[[ Records, beginning ]]

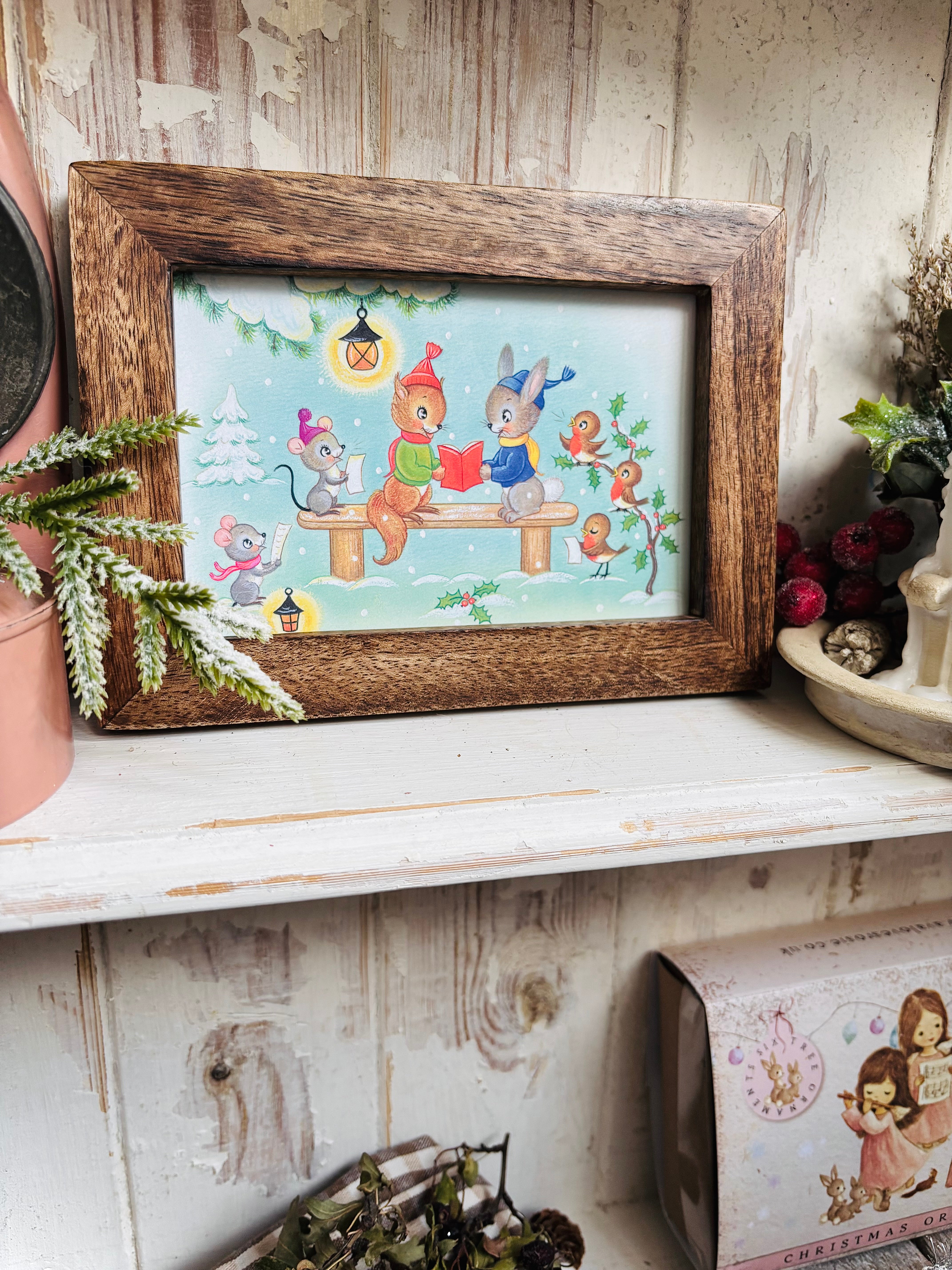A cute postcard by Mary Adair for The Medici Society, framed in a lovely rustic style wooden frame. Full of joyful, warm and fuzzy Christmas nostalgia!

[[ Records, end ]]
[[ Records, beginning ]]

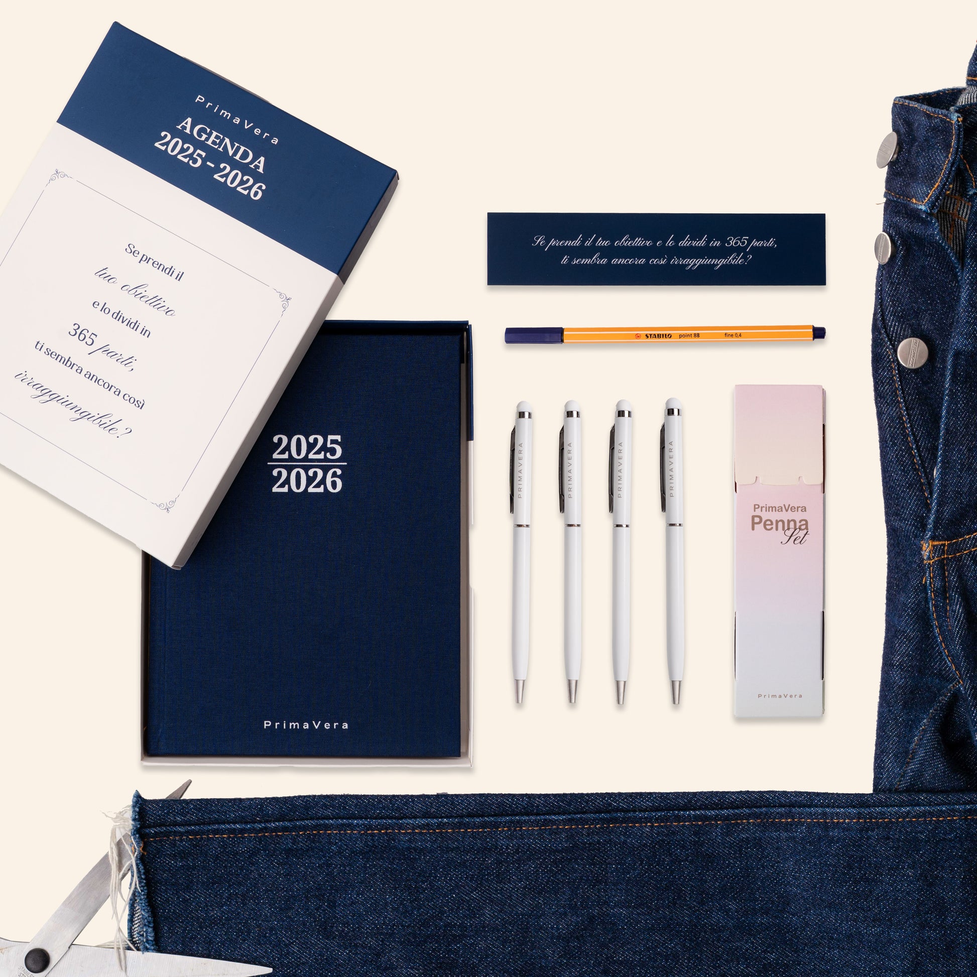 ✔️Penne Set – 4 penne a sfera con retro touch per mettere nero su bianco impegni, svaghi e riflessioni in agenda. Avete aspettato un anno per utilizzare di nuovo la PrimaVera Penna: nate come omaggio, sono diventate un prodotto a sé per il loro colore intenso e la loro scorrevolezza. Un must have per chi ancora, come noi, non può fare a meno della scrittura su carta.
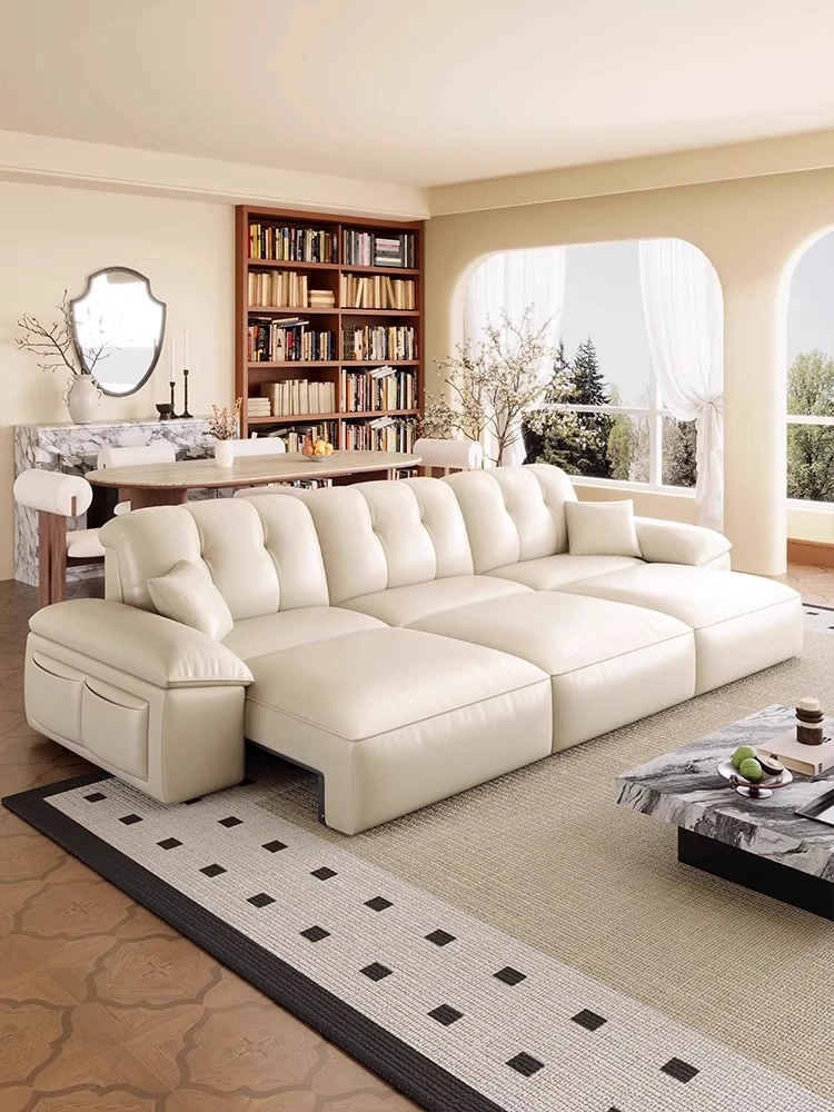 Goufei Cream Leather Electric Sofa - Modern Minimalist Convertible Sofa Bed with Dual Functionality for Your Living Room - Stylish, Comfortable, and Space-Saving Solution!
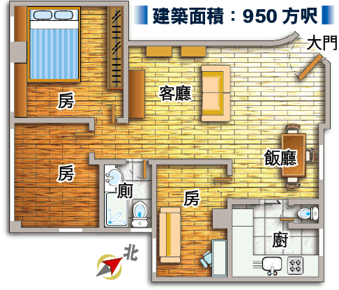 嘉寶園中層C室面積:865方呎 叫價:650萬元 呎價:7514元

[[ Records, end ]]
[[ Records, beginning ]]

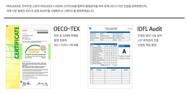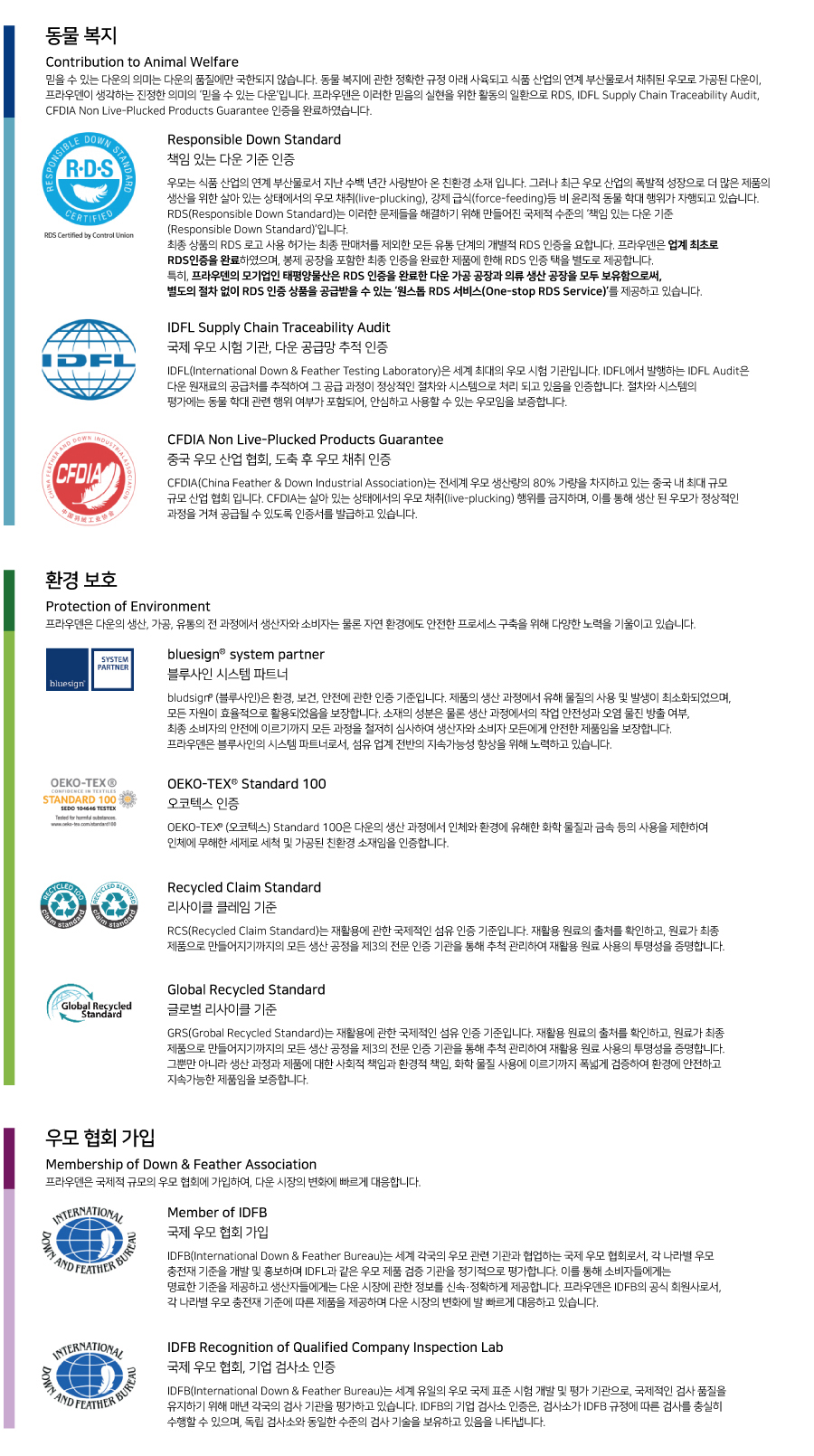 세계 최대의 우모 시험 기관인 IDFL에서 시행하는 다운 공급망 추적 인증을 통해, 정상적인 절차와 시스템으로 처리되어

[[ Records, end ]]

Prompt: Everything from the line with "Goufei Cream Leather" down to the line with "嘉寶園中層C室面積:865方呎 叫價:650萬元 呎價:7514元" in the data above should be copied exactly, with both end lines kept and the pictures left out.

Your response:
 Goufei Cream Leather Electric Sofa - Modern Minimalist Convertible Sofa Bed with Dual Functionality for Your Living Room - Stylish, Comfortable, and Space-Saving Solution!
 嘉寶園中層C室面積:865方呎 叫價:650萬元 呎價:7514元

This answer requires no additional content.